## Directions
Reproduce precisely the lines of the listing below, starting with the line that contains "七月流火的夏季,黨員干部、志" and stopping after the line that contains "Victoria Villarroel publicó"; include nothing else.

## Records provided
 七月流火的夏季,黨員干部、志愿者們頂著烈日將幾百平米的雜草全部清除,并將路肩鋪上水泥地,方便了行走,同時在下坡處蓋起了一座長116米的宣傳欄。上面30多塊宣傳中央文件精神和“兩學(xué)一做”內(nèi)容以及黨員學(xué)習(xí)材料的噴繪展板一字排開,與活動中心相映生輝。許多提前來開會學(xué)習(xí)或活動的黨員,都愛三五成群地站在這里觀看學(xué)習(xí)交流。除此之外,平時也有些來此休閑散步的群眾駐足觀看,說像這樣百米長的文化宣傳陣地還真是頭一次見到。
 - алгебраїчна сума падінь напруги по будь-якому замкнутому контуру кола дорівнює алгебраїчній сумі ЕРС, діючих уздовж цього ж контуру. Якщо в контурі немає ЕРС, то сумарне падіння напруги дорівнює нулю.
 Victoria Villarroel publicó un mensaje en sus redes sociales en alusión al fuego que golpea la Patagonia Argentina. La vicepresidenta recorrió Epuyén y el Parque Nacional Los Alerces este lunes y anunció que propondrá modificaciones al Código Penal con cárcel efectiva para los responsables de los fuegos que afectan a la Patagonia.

==

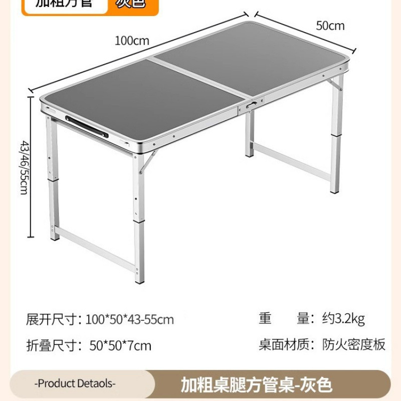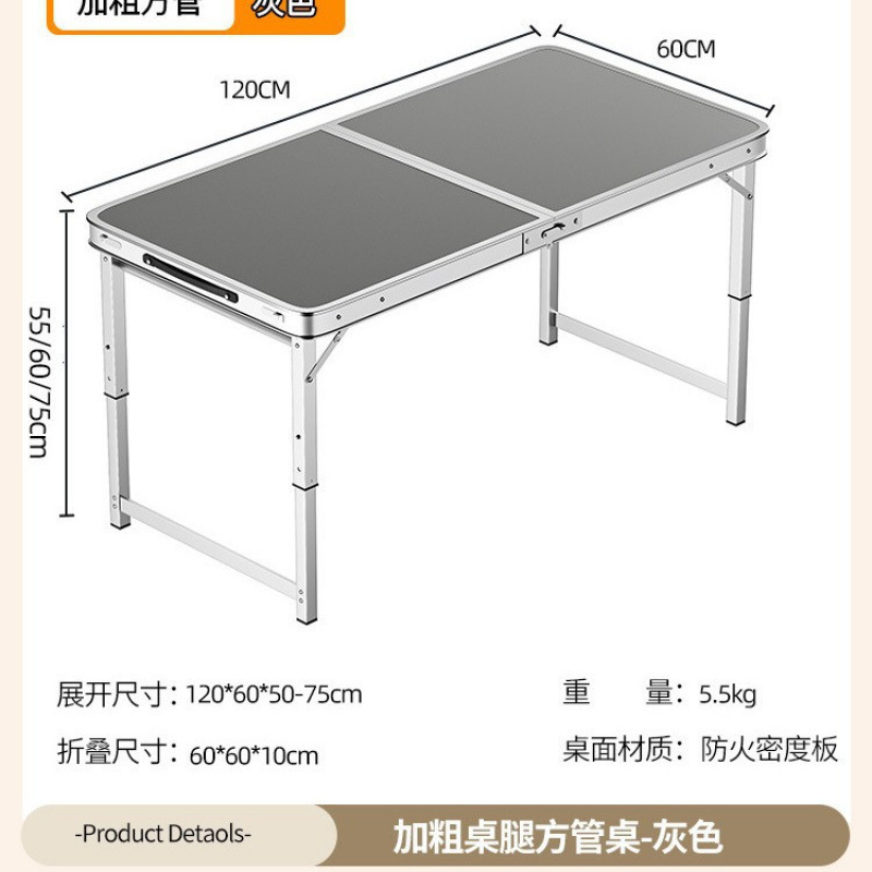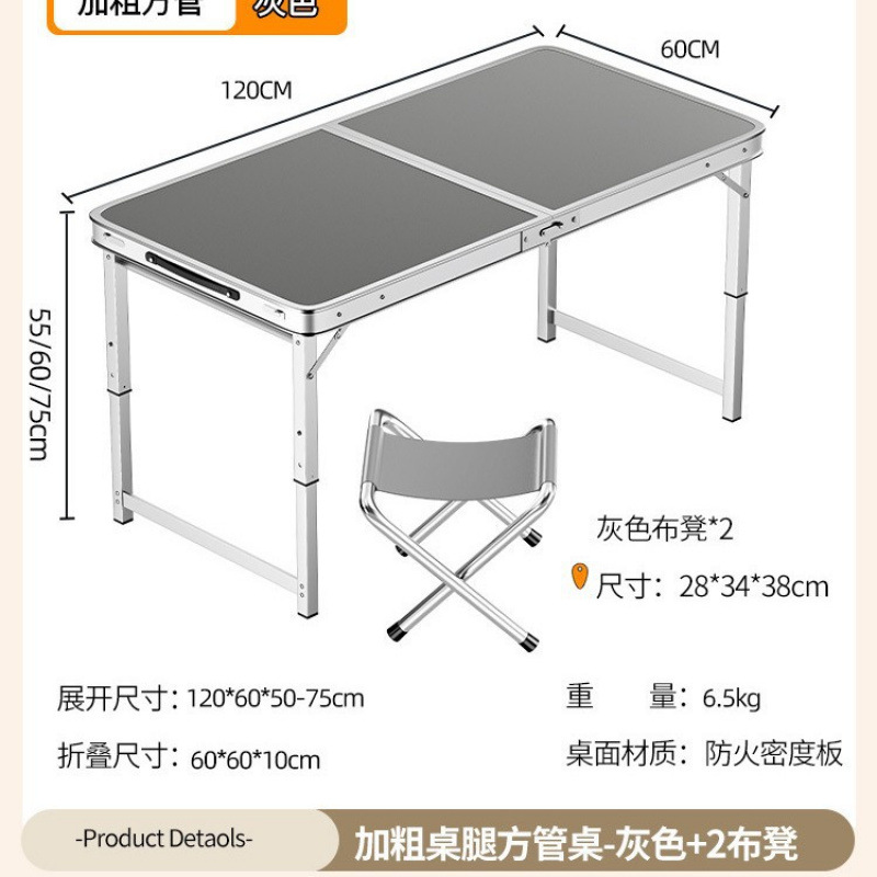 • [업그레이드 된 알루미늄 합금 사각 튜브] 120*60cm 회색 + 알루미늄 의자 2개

...

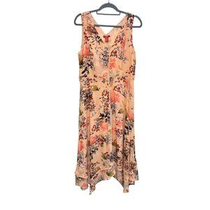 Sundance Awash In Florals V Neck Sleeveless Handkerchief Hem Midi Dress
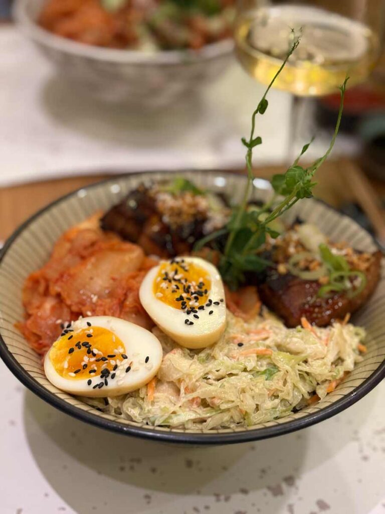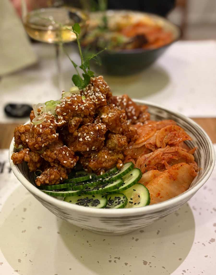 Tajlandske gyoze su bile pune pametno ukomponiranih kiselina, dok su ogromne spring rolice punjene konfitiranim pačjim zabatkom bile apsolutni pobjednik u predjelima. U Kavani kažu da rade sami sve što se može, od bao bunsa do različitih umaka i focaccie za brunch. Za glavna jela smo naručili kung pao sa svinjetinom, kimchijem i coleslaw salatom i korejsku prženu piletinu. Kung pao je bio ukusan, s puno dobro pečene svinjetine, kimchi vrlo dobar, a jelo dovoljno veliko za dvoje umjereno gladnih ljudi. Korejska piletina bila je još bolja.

## Task output
 七月流火的夏季,黨員干部、志愿者們頂著烈日將幾百平米的雜草全部清除,并將路肩鋪上水泥地,方便了行走,同時在下坡處蓋起了一座長116米的宣傳欄。上面30多塊宣傳中央文件精神和“兩學(xué)一做”內(nèi)容以及黨員學(xué)習(xí)材料的噴繪展板一字排開,與活動中心相映生輝。許多提前來開會學(xué)習(xí)或活動的黨員,都愛三五成群地站在這里觀看學(xué)習(xí)交流。除此之外,平時也有些來此休閑散步的群眾駐足觀看,說像這樣百米長的文化宣傳陣地還真是頭一次見到。
 - алгебраїчна сума падінь напруги по будь-якому замкнутому контуру кола дорівнює алгебраїчній сумі ЕРС, діючих уздовж цього ж контуру. Якщо в контурі немає ЕРС, то сумарне падіння напруги дорівнює нулю.
 Victoria Villarroel publicó un mensaje en sus redes sociales en alusión al fuego que golpea la Patagonia Argentina. La vicepresidenta recorrió Epuyén y el Parque Nacional Los Alerces este lunes y anunció que propondrá modificaciones al Código Penal con cárcel efectiva para los responsables de los fuegos que afectan a la Patagonia.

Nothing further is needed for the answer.